__What you will do__. Write out the listing, please, but only from its first line through the line containing "洽洽口口香原味香瓜子葵花籽大颗粒宿舍网红休闲零食小吃500g大包装", exactly as given and without pictures.

__Records for processing__.
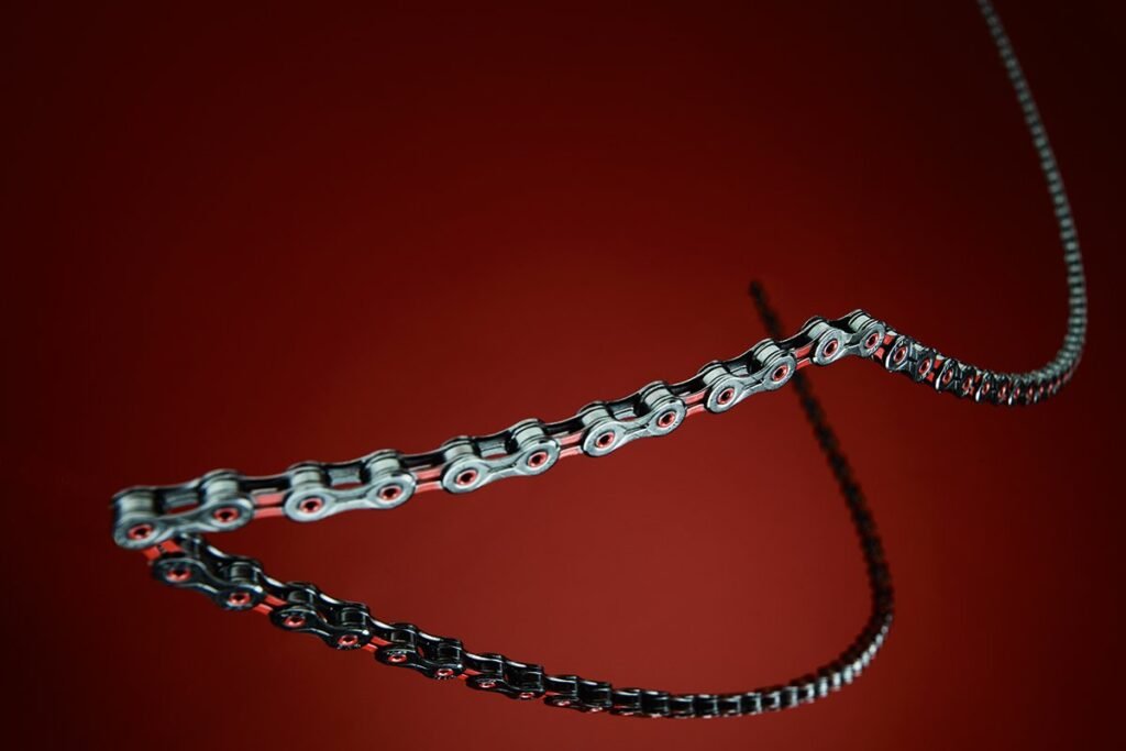 La chaîne n’est pas qu’un composant : elle est le vecteur de votre puissance, le lien mécanique qui connecte vos muscles à la route, en transmettant votre force via le pédalier et les plateaux, le boîtier de pédalier, les axes et roulements, la cassette et le corps de roue libre, jusqu’à la roue arrière.
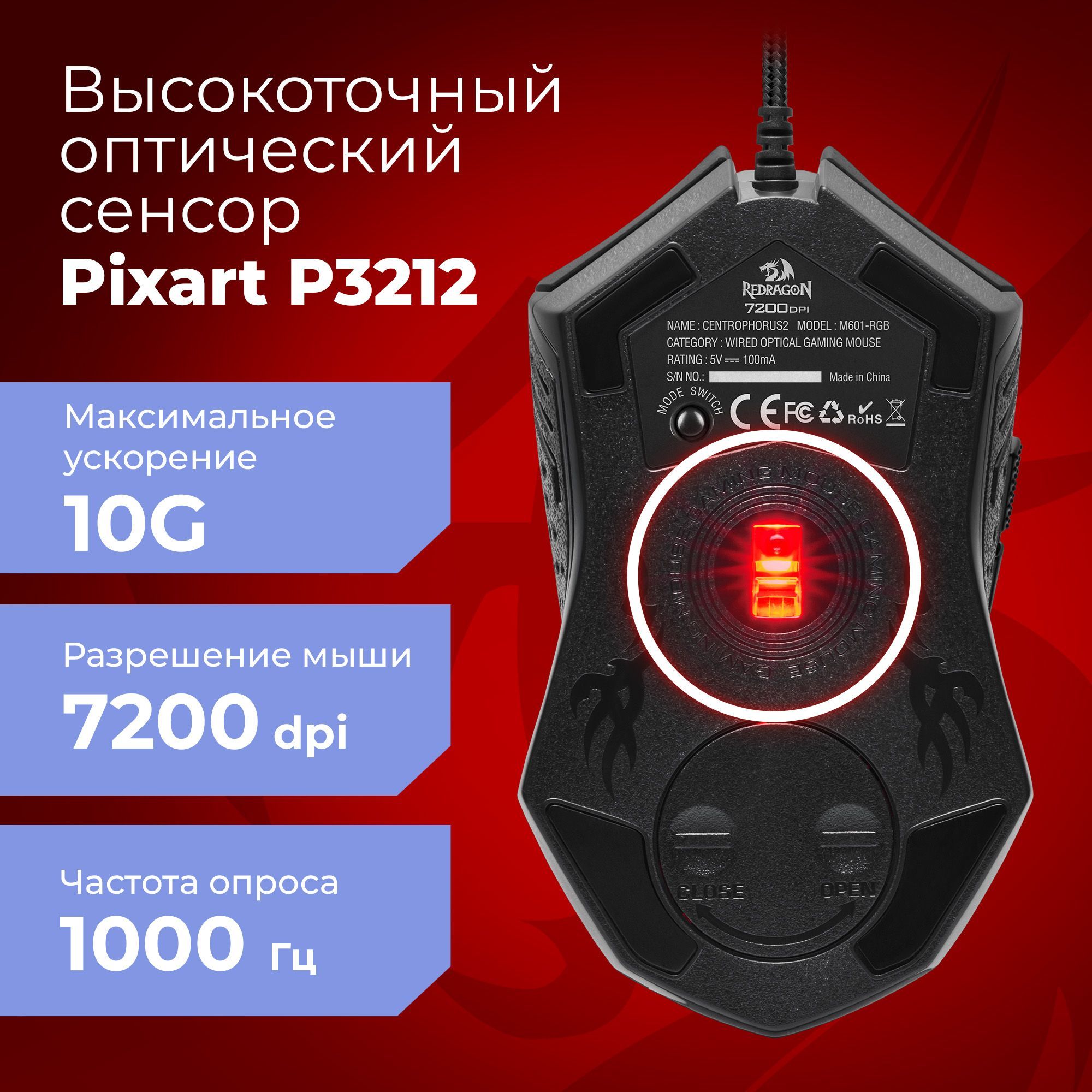 Игровая мышка для компьютера Redragon Centrophorus 2 6 кнопок 7200 dpi
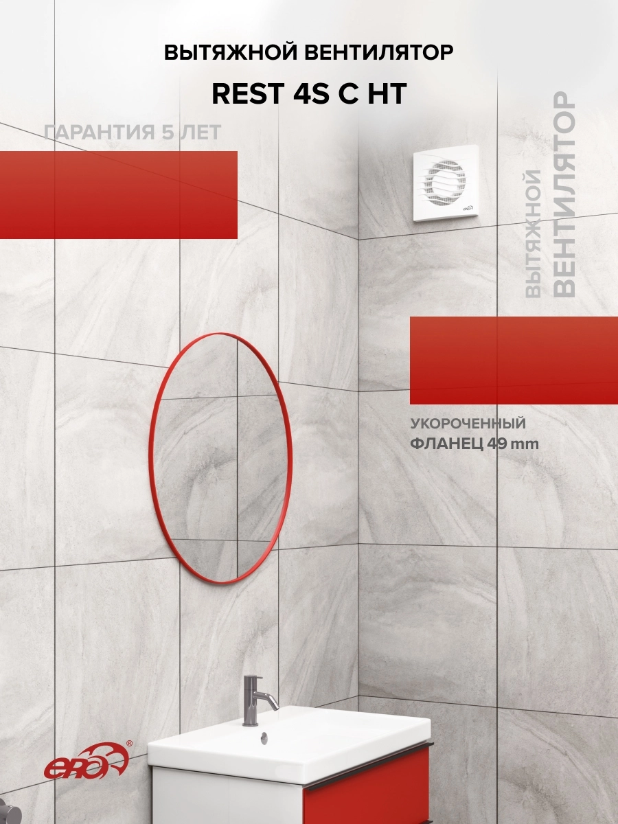 Благодаря высокой производительности (100 м³/ч) REST эффективно вытягивает из помещения влажный воздух и удаляет неприятные запахи.
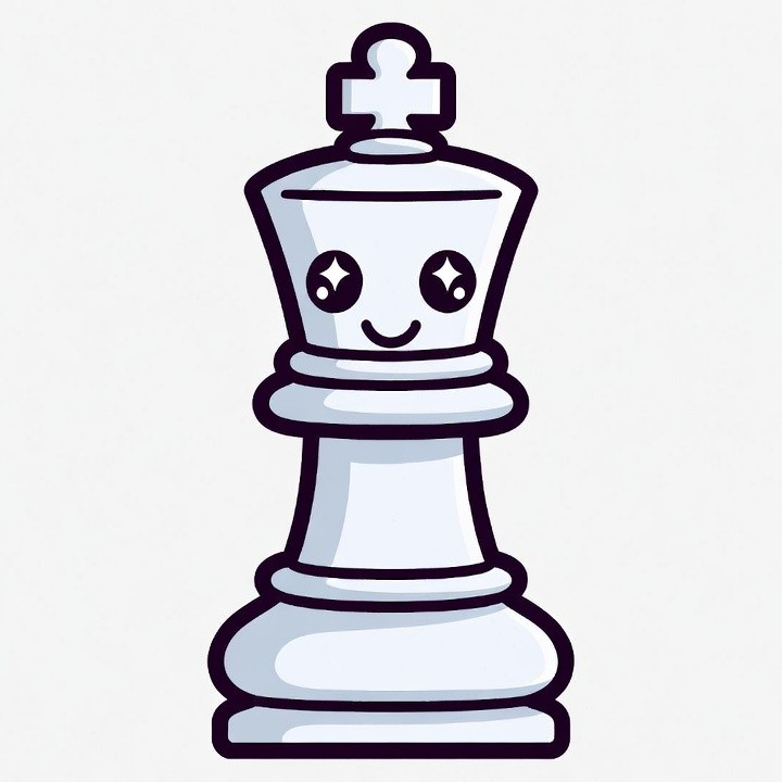 A kawaii-style illustration of a white king chess piece with a smiling face and sparkling eyes. It features a rounded crown with a cross on top and a sturdy base. The design uses bold black outlines on a transparent background.
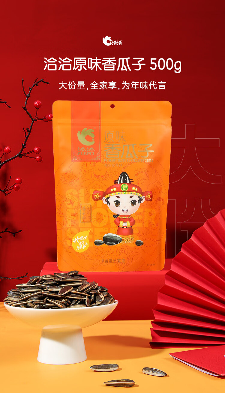 洽洽口口香原味香瓜子葵花籽大颗粒宿舍网红休闲零食小吃500g大包装
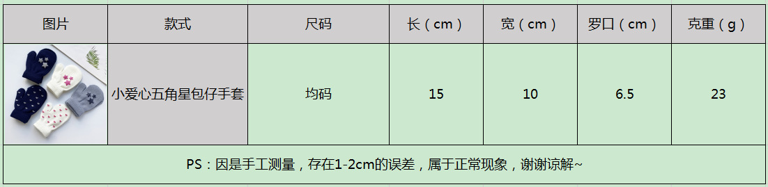 1-4 세 겨울 따뜻한 유치원 아기 가방 손가락 장갑 오프셋 인쇄 귀여운 가방 사랑 다섯개 별 장갑
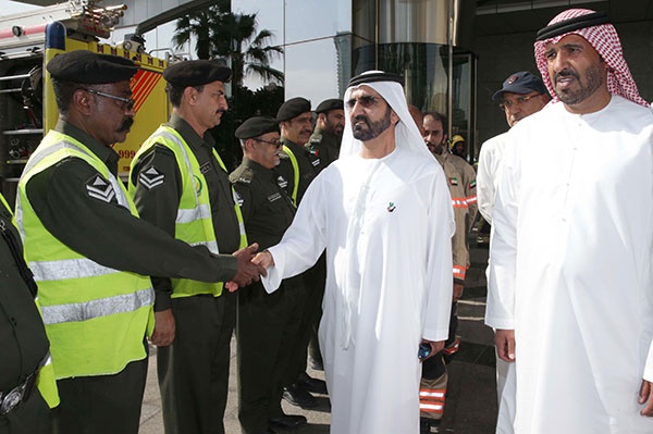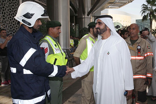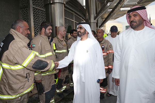 محمد بن راشد يشيد بشجاعة فرق الدفاع المدني في تعاملهم مع حريق فندق "العنوان"

__Task output__.
 La chaîne n’est pas qu’un composant : elle est le vecteur de votre puissance, le lien mécanique qui connecte vos muscles à la route, en transmettant votre force via le pédalier et les plateaux, le boîtier de pédalier, les axes et roulements, la cassette et le corps de roue libre, jusqu’à la roue arrière.
 Игровая мышка для компьютера Redragon Centrophorus 2 6 кнопок 7200 dpi
 Благодаря высокой производительности (100 м³/ч) REST эффективно вытягивает из помещения влажный воздух и удаляет неприятные запахи.
 A kawaii-style illustration of a white king chess piece with a smiling face and sparkling eyes. It features a rounded crown with a cross on top and a sturdy base. The design uses bold black outlines on a transparent background.
 洽洽口口香原味香瓜子葵花籽大颗粒宿舍网红休闲零食小吃500g大包装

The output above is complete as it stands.